O Feminino e o Sagrado um jeito de olhar o mundo

“O futuro será feminista e feminino”, por José Eduardo Agualusa

Nesse texto, publicado no jornal O Globo o escritor angolano José Eduardo Agualusa conta uma linda história sobre livros, mulheres e o futuro.

Há poucos dias coordenei em Luanda uma oficina literária sobre o tema “Escrever a partir de sonhos”. O título foi sugerido pela organização do evento, a plataforma Pés Descalços, com o apoio do Goethe-Institut. Tentei cumprir com a proposta, até porque eu próprio uso sonhos para escrever. Sou um sonhador profissional.
Das treze pessoas na sala, onze eram jovens mulheres. Até ali nenhuma surpresa, pois em todo o mundo as mulheres leem muito mais do que os homens. A literatura vem-se transformando num ofício feminino. Além disso, Angola é um dos poucos países no mundo onde os jovens são ainda a larga maioria.

O objetivo da oficina era conseguir escrever, ao longo de escassas seis horas, um conto destinado a um público mais jovem, entre os nove e os treze anos.

A primeira surpresa (para mim) aconteceu com a escolha do tema: a menarca. “Excelente desafio!”, comentei, esforçando-me para que o grupo não percebesse o meu susto. “Agora vamos recolher sonhos que tenham alguma ligação com o tema.”

No final do dia tínhamos um conto pronto, muito bem fechado, delicado, poético e comovente, sobre os ciclos da vida e o poder das mulheres. O título, “A concha mágica”, foi também uma escolha do grupo.
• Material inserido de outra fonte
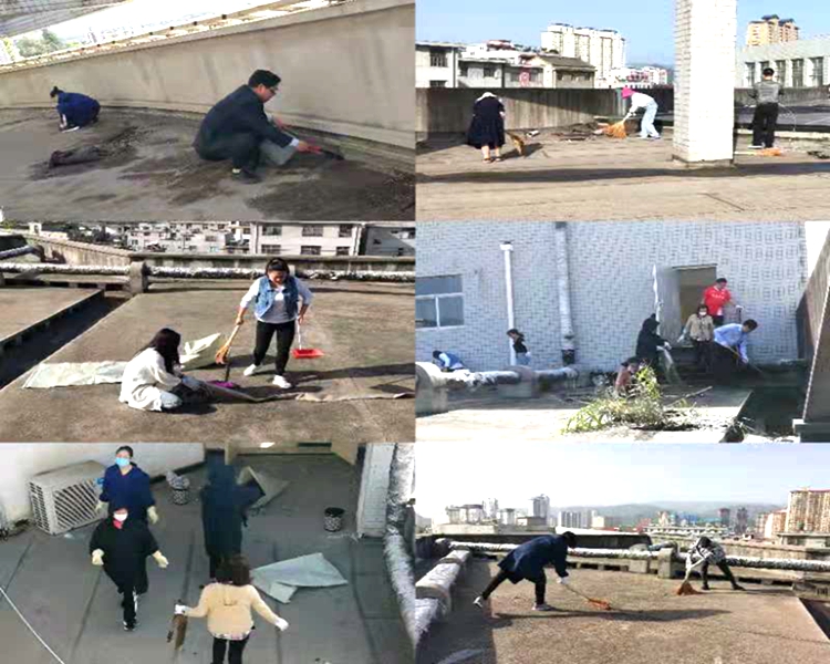 在圖書館黨政負(fù)責(zé)人的帶領(lǐng)下,40余名館員手持勞動(dòng)工具,全面清理了圖書樓樓頂堆積已久的磚頭、水泥塊、廢棄建筑材料,鏟走下水口附近雨水沖積的淤泥、垃圾,疏通了排水管道,清理了三十多立方垃圾,為師生營(yíng)造了良好的閱讀及學(xué)習(xí)環(huán)境。

Escrever para crianças e adolescentes é muito difícil. Em primeiro lugar há o desafio de seduzir leitores inexperientes. A linguagem deve ser rica, sem ser inacessível; formativa e informativa, sem parecer uma dissertação. Deve ter humor e poesia. O escritor precisa recuperar o olhar inaugural das crianças, ou seja, precisa voltar a ver o mundo como se fosse pela primeira vez. Em segundo lugar, crianças estão atentas aos detalhes e não perdoam erros. Se gostam de um livro irão lê-lo, ou obrigar os pais a lê-lo, até saberem de cor parágrafos inteiros.
Depois de ler o nosso conto, o escritor moçambicano Mia Couto, que esteve comigo em Luanda, integrado no mesmo projeto, mas trabalhando com outra equipe, confessou-me: “Nem eu nem tu teríamos coragem para escrever um conto como este”. Dei-lhe razão. Ao mesmo tempo, o que impressiona é que não existam livros (mais livros, muitos livros) sobre um tema tão importante na vida de uma menina. Livros que consigam transmitir às meninas e aos meninos e aos pais deles o que é essa experiência, a menarca, que o silêncio e a ignorância tornam tantas vezes assustadora.
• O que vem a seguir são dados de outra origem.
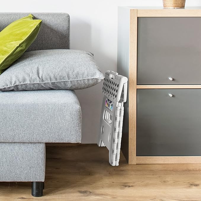 - Space Save Fold Up Step Stool : It folded up only with 1.2" wide so that you can storage this plastic collapsible step stool to any narrow gap in kitchen,bathroom,rv

Como na literatura para adultos, não existem na literatura para crianças e adolescentes temas bons ou maus; o que há são livros maus e livros bons. Existem, contudo, temas mais urgentes do que outros.

Percebi, em Luanda, que embora o mundo esteja a viver um momento de refluxo, com a emergência de movimentos ultraconservadores, machistas e misóginos, um pouco por todo o lado, estes não conseguirão reverter as conquistas alcançadas pelas mulheres e pela Humanidade em geral.
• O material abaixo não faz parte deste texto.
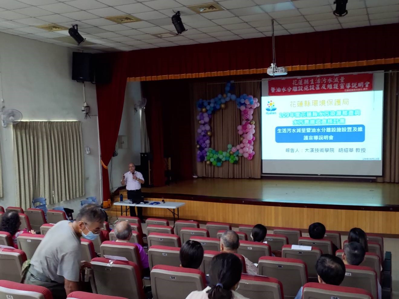 花蓮縣環境保護局於日前(8月13日)假花蓮縣鑄強國民小學舉辦3場生活污水減量宣導說明會,與會人員為一般民眾、洗衣業者、餐飲業者等,活動現場邀請大漢技術學院 胡紹華博士,針對生活污水減量暨油水分離設施設置及維護加以宣導,並且也宣導民眾使用無磷洗衣精減少水質優養化及總磷產生的目標。

A mulher é o futuro do homem, dizia Aragon. Vou além: o futuro será feminista e feminino — ou não haverá futuro.

3 comentários

  1. Puxa, despertou meu interesse!
    Onde está A Concha Mágica?
    Quero ler.

  2. mirtes fonseca disse:

    gostaria de ler A concha magica. onde encontro?

    1. crisbalieiro disse:

      Mirtes, só reproduzi a reportagem que saiu no Globo. Infelizmente não sei te dar essa informação.